▸ **What this task involves**: Your task is to retype, exactly and without pictures, the line holding "Na ultima reunião, nesta" and each line that follows it to the end of the entries.

Source information START

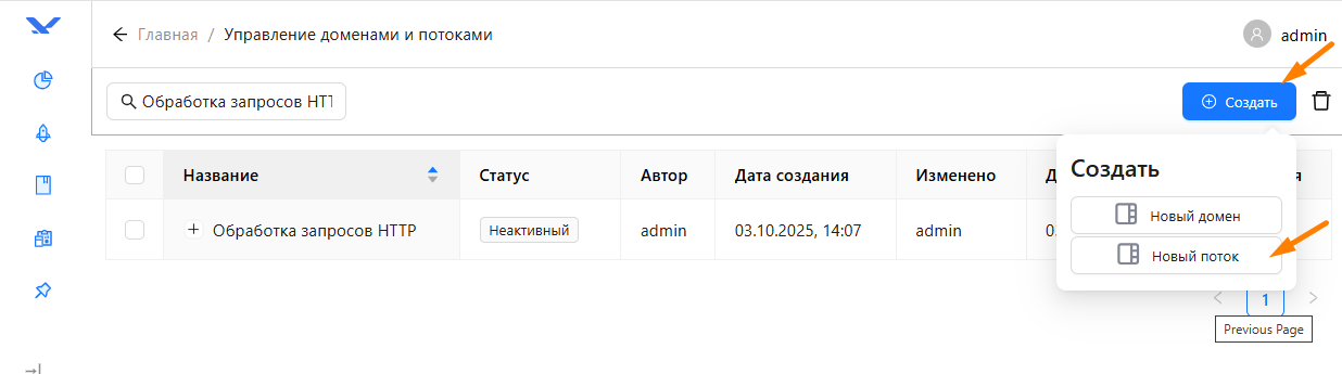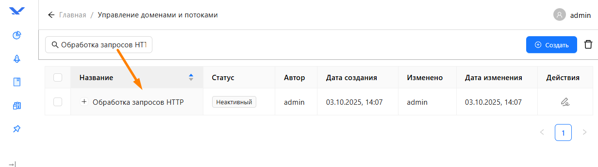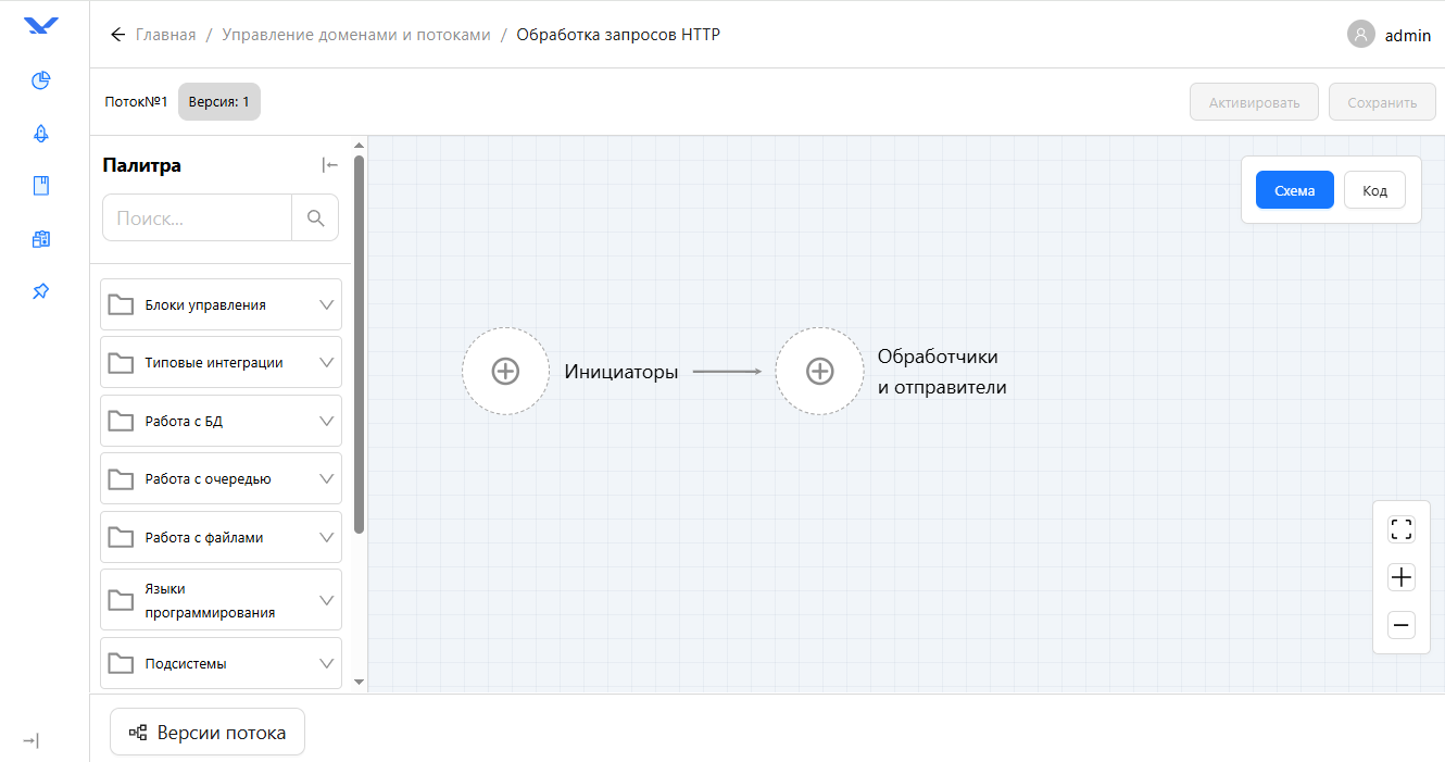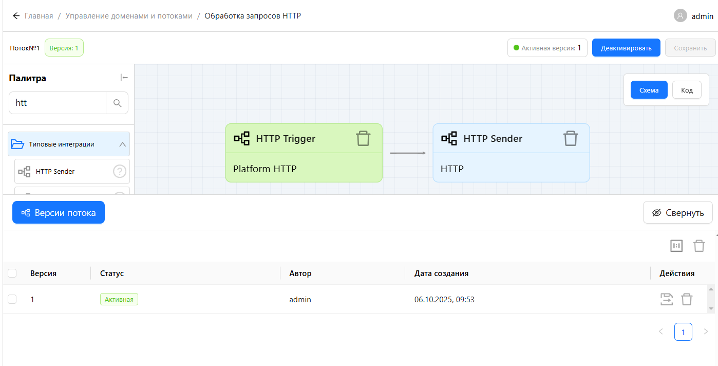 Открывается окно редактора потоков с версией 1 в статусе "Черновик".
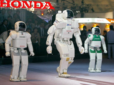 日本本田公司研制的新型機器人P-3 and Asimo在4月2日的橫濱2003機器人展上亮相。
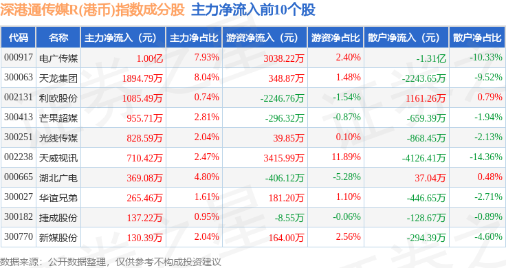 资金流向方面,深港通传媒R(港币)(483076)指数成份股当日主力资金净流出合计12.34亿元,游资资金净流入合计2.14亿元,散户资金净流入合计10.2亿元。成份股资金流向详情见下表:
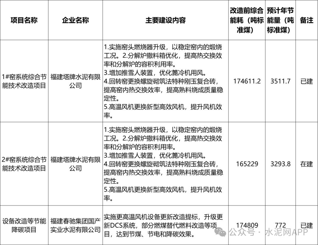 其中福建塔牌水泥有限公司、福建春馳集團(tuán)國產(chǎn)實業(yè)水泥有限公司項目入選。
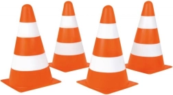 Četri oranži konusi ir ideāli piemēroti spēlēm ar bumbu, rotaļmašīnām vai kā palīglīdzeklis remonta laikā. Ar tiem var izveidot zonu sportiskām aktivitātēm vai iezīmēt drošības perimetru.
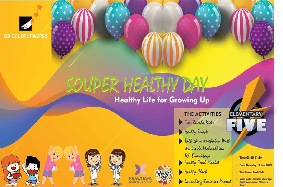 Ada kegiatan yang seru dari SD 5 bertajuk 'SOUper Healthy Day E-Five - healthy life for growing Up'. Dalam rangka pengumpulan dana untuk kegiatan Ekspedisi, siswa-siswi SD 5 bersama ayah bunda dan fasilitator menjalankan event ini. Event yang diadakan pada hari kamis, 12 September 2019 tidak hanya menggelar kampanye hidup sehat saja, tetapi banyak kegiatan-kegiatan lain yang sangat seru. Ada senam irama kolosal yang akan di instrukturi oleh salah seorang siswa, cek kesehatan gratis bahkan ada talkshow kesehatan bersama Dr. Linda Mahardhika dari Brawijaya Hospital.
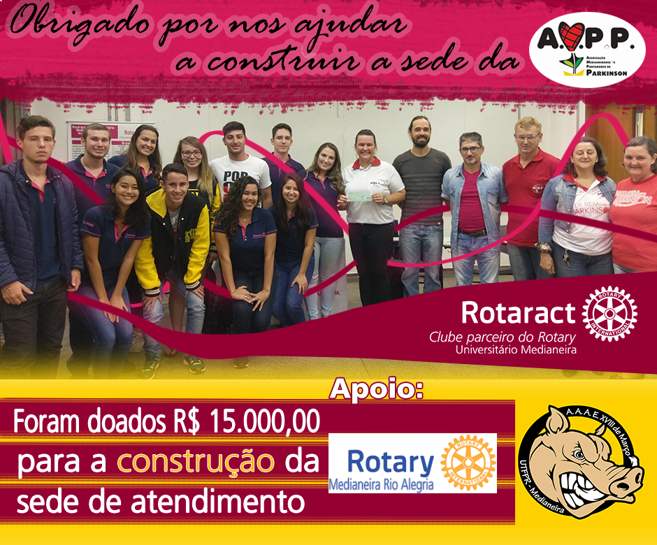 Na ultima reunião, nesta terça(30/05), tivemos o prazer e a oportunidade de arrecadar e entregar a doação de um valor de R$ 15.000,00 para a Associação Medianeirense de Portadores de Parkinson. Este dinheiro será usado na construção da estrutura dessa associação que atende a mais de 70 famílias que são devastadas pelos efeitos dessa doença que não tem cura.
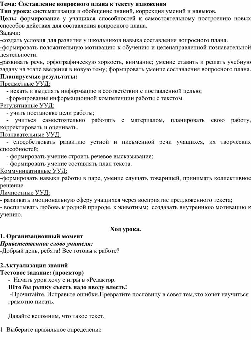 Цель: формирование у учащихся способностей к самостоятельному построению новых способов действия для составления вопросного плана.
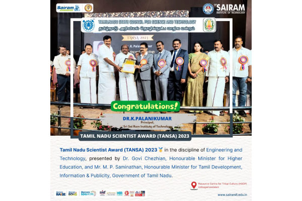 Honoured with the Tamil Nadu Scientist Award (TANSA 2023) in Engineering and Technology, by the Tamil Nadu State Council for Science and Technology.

Source information END

▸ **Finished exercise**:
 Na ultima reunião, nesta terça(30/05), tivemos o prazer e a oportunidade de arrecadar e entregar a doação de um valor de R$ 15.000,00 para a Associação Medianeirense de Portadores de Parkinson. Este dinheiro será usado na construção da estrutura dessa associação que atende a mais de 70 famílias que são devastadas pelos efeitos dessa doença que não tem cura.
 Цель: формирование у учащихся способностей к самостоятельному построению новых способов действия для составления вопросного плана.
 Honoured with the Tamil Nadu Scientist Award (TANSA 2023) in Engineering and Technology, by the Tamil Nadu State Council for Science and Technology.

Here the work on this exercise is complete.